- [EXERCISE GOAL]: Retype the data below verbatim; pictures do not belong in the copy.

————————

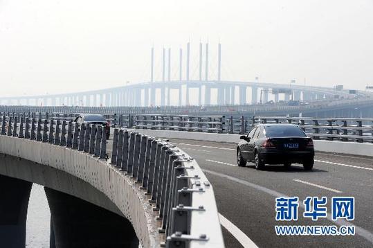 6月27日,汽車在膠州灣大橋上行駛。 新華社記者 李紫恒 攝
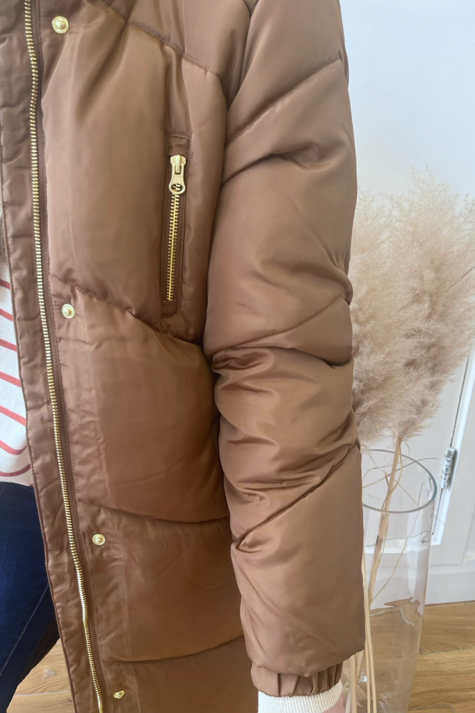Keeping you cosy this Autumn/Winter with our Toffee Longline Puffer Coat. Featuring a funnel neckline, full zip up front with snap fasten button closure and pockets on the sizes and chest. Full length sleeves have ribbed, fitted cuffs to help keep you warm when out and about.
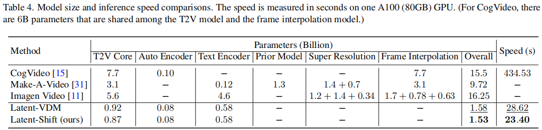 效率是 Latent-Shift 的核心优势,团队在单 A100(80GB)GPU 上测试模型参数规模与推理速度,结果如表 4 所示:
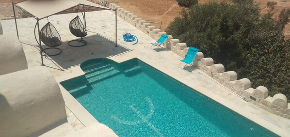 Dar Ayed Tamezret offers a quiet escape where guests can relax in the spa tub or enjoy the seasonal outdoor pool. The on-site Table d'hôtes serves both local and international dishes, while the property's garden and library provide additional spaces to unwind.
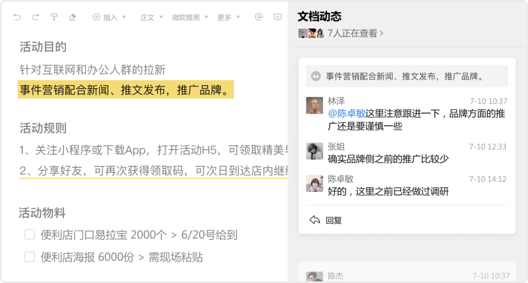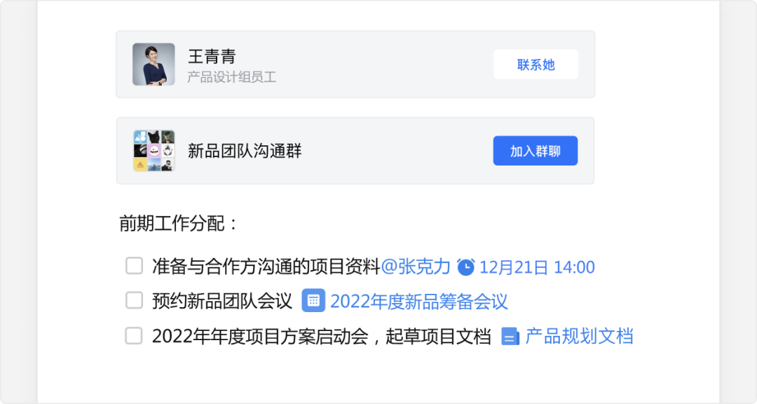 文档可以插入日程、待办、个人名片、群名片、聊天记录、定时提醒等丰富元素,支持联系他人、加入群聊等快捷操作。

————————

- [ANSWER]:
 6月27日,汽車在膠州灣大橋上行駛。 新華社記者 李紫恒 攝
Keeping you cosy this Autumn/Winter with our Toffee Longline Puffer Coat. Featuring a funnel neckline, full zip up front with snap fasten button closure and pockets on the sizes and chest. Full length sleeves have ribbed, fitted cuffs to help keep you warm when out and about.
 效率是 Latent-Shift 的核心优势,团队在单 A100(80GB)GPU 上测试模型参数规模与推理速度,结果如表 4 所示:
 Dar Ayed Tamezret offers a quiet escape where guests can relax in the spa tub or enjoy the seasonal outdoor pool. The on-site Table d'hôtes serves both local and international dishes, while the property's garden and library provide additional spaces to unwind.
 文档可以插入日程、待办、个人名片、群名片、聊天记录、定时提醒等丰富元素,支持联系他人、加入群聊等快捷操作。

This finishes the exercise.